Personal information
- Full name: Tony Robert Jakobson
- Born: 17 December 1937 (age 88) Marylebone, London, England
- Batting: Right-handed
- Bowling: Right-arm fast-medium

Domestic team information
- 1960–1961: Oxford University

Career statistics
| Competition | First-class |
| Matches | 14 |
| Runs scored | 112 |
| Batting average | 9.33 |
| 100s/50s | –/– |
| Top score | 20 |
| Balls bowled | 2,762 |
| Wickets | 37 |
| Bowling average | 32.00 |
| 5 wickets in innings | 1 |
| 10 wickets in match | – |
| Best bowling | 5/61 |
| Catches/stumpings | 10/– |
- Source: Cricinfo, 18 May 2020

= Tony Jakobson =

English cricketer

Tony Robert Jakobson (born 17 December 1937) is an English former first-class cricketer.
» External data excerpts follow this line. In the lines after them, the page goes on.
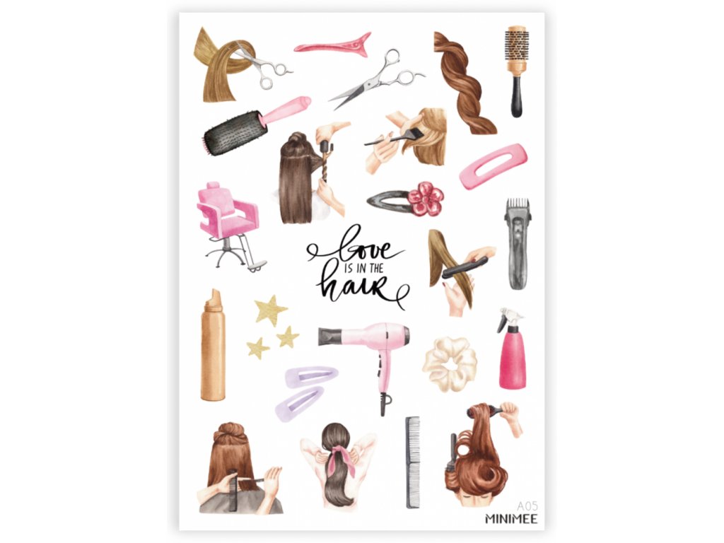 Krásné vyřezávané samolepky v aršíku A5 související s vlasy a úpravou vlasů. Kvalitní papírové samolepky matného vzhledu.
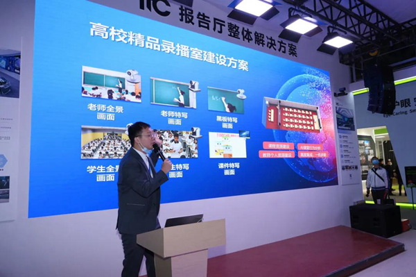 方案的本質是以教育學與心理學理論為基礎,以現代視聽技術為手段,進行課堂模擬教學訓練。在教學過程中可以進行音視同步錄制,結束后自動上傳實訓平臺,學生課下可以通過點播視頻進行學習,老師同樣也可以通過點播實訓教學視頻進行相互探討,為師生提供輕松、靈活地開展交互式教學體驗。在此次搭建的展會現場,實訓課堂憑借其應用中不俗的表現,吸引了多名前來參展的人員久久駐足。
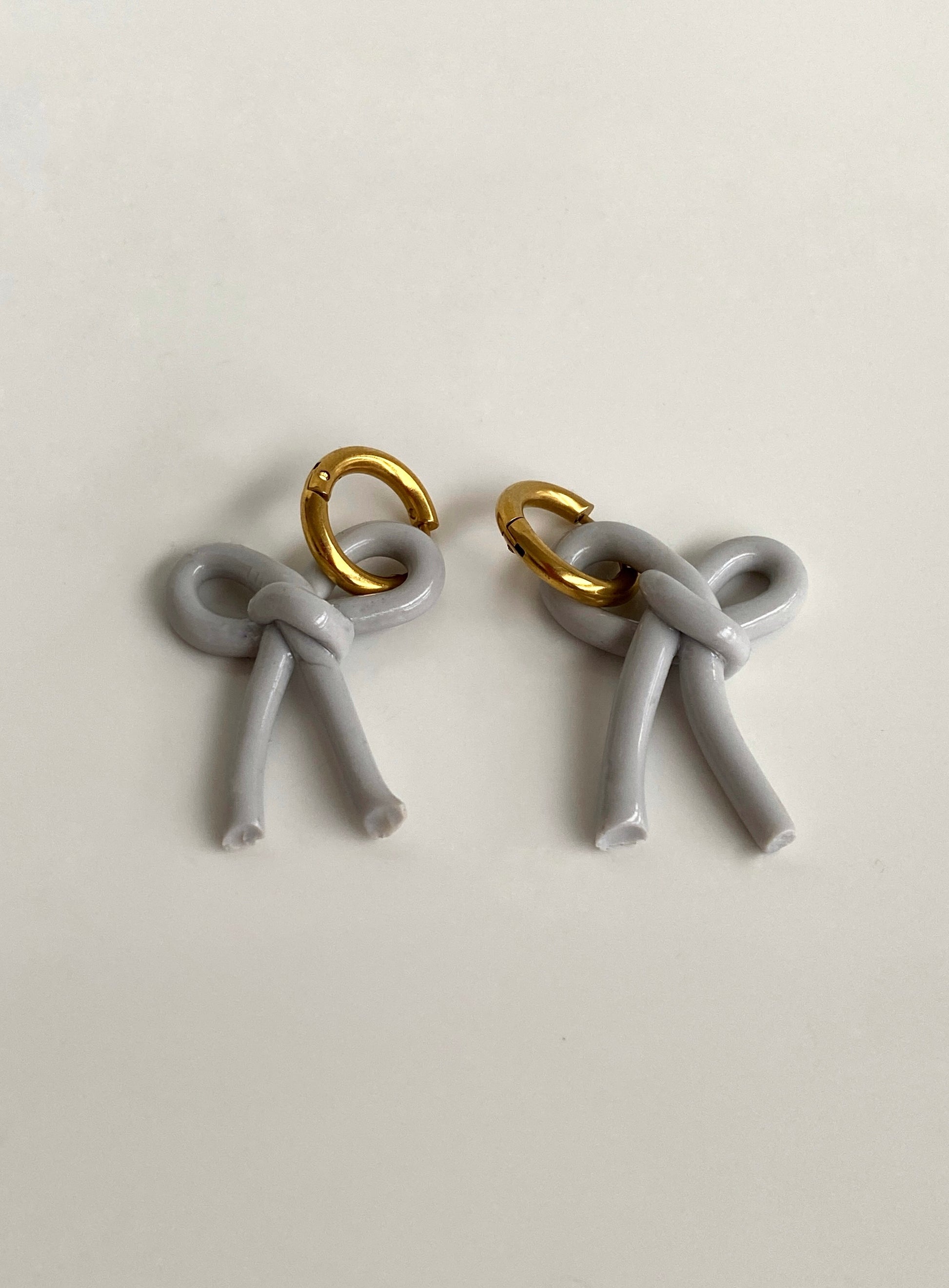 Indulge in the timeless allure of our meticulously crafted clay earrings boasting a graceful bow design, handcrafted to perfection for a touch of sophistication. Adorned in a sleek grey hue and complemented by interchangeable gold hoops, these earrings offer versatility and elegance, seamlessly transitioning from day to night with effortless charm.
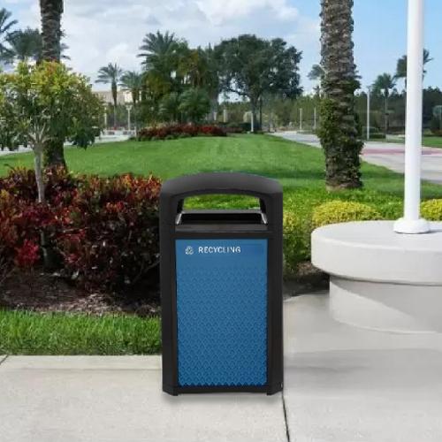 - A variety of colored recycling panels makes sorting recycling easier for both patrons and staff
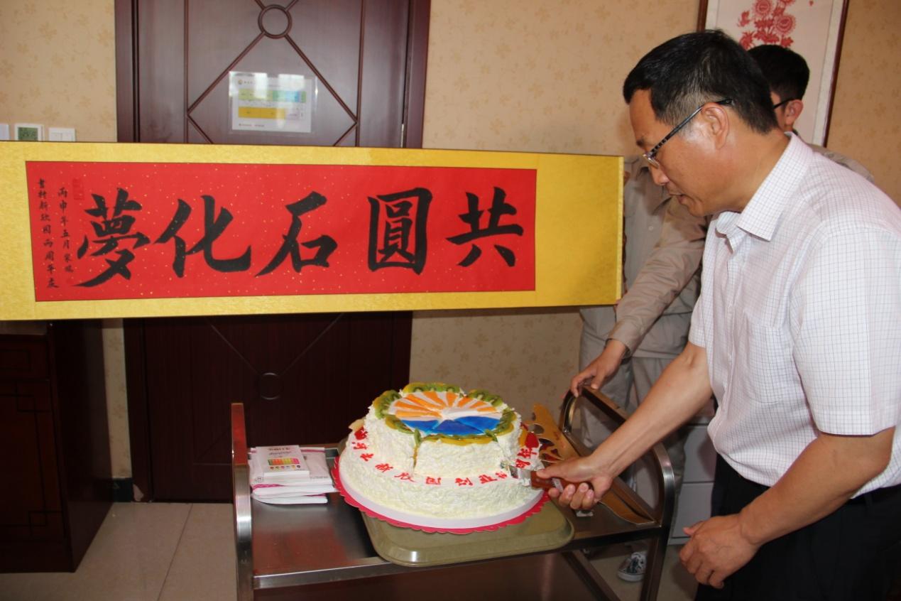 會后,集團公司領導、各兄弟單位總經理及新欣園公司干部職工代表在新啟元餐廳共慶新欣園兩周歲生日,集團公司總經理于國臣代表集團董事長切開新欣園兩周歲生日蛋糕,并向伙伴們送去祝福。

Jakobson was born at Marylebone in December 1937. He was educated at Charterhouse School, before going up to University College, Oxford. While studying at Oxford, he played first-class cricket for Oxford University, making his debut against the Free Foresters at Oxford in 1960. He played first-class cricket for Oxford until 1961, making a total of fourteen appearances. Playing primarily as a right-arm fast-medium bowler, he took a total of 37 wickets in his fourteen first-class matches at an average of 32.00 and best figures of 5 for 61, which represented his only five wicket haul. As a batsman, he scored 112 runs with a high score of 20.

Jakobson later became a horse racing tipster at Newmarket, where he wrote the Pin Money column in the Newmarket Journal for nearly fifty years, before stepping down in May 2020.